# New Nicoticket flavours just in... White Label goodness



## ShaneW (31/7/15)

So besides from restocking all the original, multi award winning, Nicoticket juices... we've added 10 of their 'white label' flavours which are every bit as good as the usual line up. We are thrilled to say we now offer 21 different Nicoticket juices, all of which are of the finest quality at an affordable price! R230 for 30ml

Find them here

or

http://juicyjoes.co.za/?product_cat=nicoticket&paged=1

*The Cure (40/60)*
*

*
*As the Infection evolves, so does The Cure.
*
We took an extra large marshmallow and roasted it over a piping hot campfire. We made absolutely sure to get the edges slightly brown, just like you like it. Then we took a generous amount of rich chocolate and “smooshed” it all between two slightly sweet graham crackers like a sandwich! Melty s’mores in your left hand, and your favorite smoke in the other, this night around the campfire is one you will never forget. This is the cure for a long work week. Like The Virus that came before it, The Cure is firmly in the “dessert tobacco” category. The Cure features our signature naturally-extracted tobacco base married with sweet golden graham crackers, fluffy marshmallows, and rich, dark, _cocoa’ish_ chocolate. If you prefer a more “milky” chocolate mix with Frenilla at a ratio of 20% Frenilla (approx) to 80% The Cure. The liquid is finished with top notes of coconut, almonds, and our signature in-house vanilla extract. Over time, the chocolate fades and the liquid balances revealing an intricately blended naturally extracted tobacco that emerges progressively over time. The tobacco element is particularly prevalent in Kayfun style devices, if you still use one. Mixes exceptionally well with all of our bakery and tobacco offerings. Some get a dark chocolate liquour, especially fresh. This liquid is extremely complex – we reccomend trying in a wide variety of devices! Personally I prefer to drip The Cure since it is VG heavy. This is intended to be a true “All Day Vape” (ADV)… the flavoring is “layered” to such end that the liquid continues to evolve throughout the day and throughout the life of the liquid.

*The Doodle (50/50)*
*

*
*It’s Doodle Time!
*
Snickerdoodle Cookie, affectionately known as “The Doodle,” represents our take on the timeless bakery confection. The doodle features a billowy sugar cookie dusted with a delectable bakery-style cinnamon!

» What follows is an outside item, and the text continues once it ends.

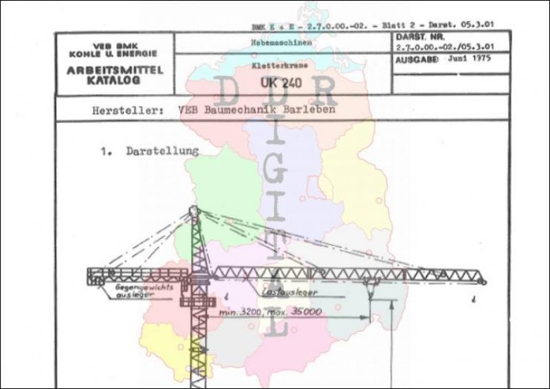 Kletterkrane: UK 240 Hersteller: VEB Baumechanik Barleben Ausgabe: Juni 1975 Anzahl Seiten: 10 Notiz:

The cookie portion takes time to emerge – remember to pop that top and give it an night with the cap off before you go all honey-badger on it! This liquid leaves the whole place smelling like fresh-baked cookies just came out of the oven! Over an extended steep some detect a very faint “ginger” note – a pleasant spin on the perennial favorite that many regulars have begged us not to change because they enjoy the intermittent surprise! We’ve captured the “done just right” crispy edges and the chewy center – the only thing missing is a glass of milk. All the taste – none of the calories – this is a “can’t miss” opportunity to spoil yourself without the guilt!

*Sure Bert (MAXVG)*
*

*
*MAXVG for your dripping pleasure!
*
It’s not a clone if you 1-UP the original. Welcome to RAINBOW Sherbert eLiquid heaven. Prepare your taste buds for sweet and tart citrus notes including orange, raspberry, lime, and lemon! Expertly blended to produce the taste and texture of real rainbow sherbert, Sure Bert produces MASSIVE clouds and an absolutely delightful room note. Our sherbert eJuice LOVES the heat – build it low, hit it hard!


*Raz Cup (50/50)*
*

*
*…love at first bite…
*
Raz Cup captures all the intricacies of a soft and fluffy vanilla cake with top notes of delectably sweet butter cream icing – drizzled with a healthy quantity of naturally sweet raspberry glaze.

*Radioactive (50/50)*
*


Indecent Exposure
*
Radioactive is a top shelf ‘tobacco forward’ liquid. I’m not sure there is a comparable liquid so I will stop short of any “tastes like” comparison – this is as original as any liquid you will ever try…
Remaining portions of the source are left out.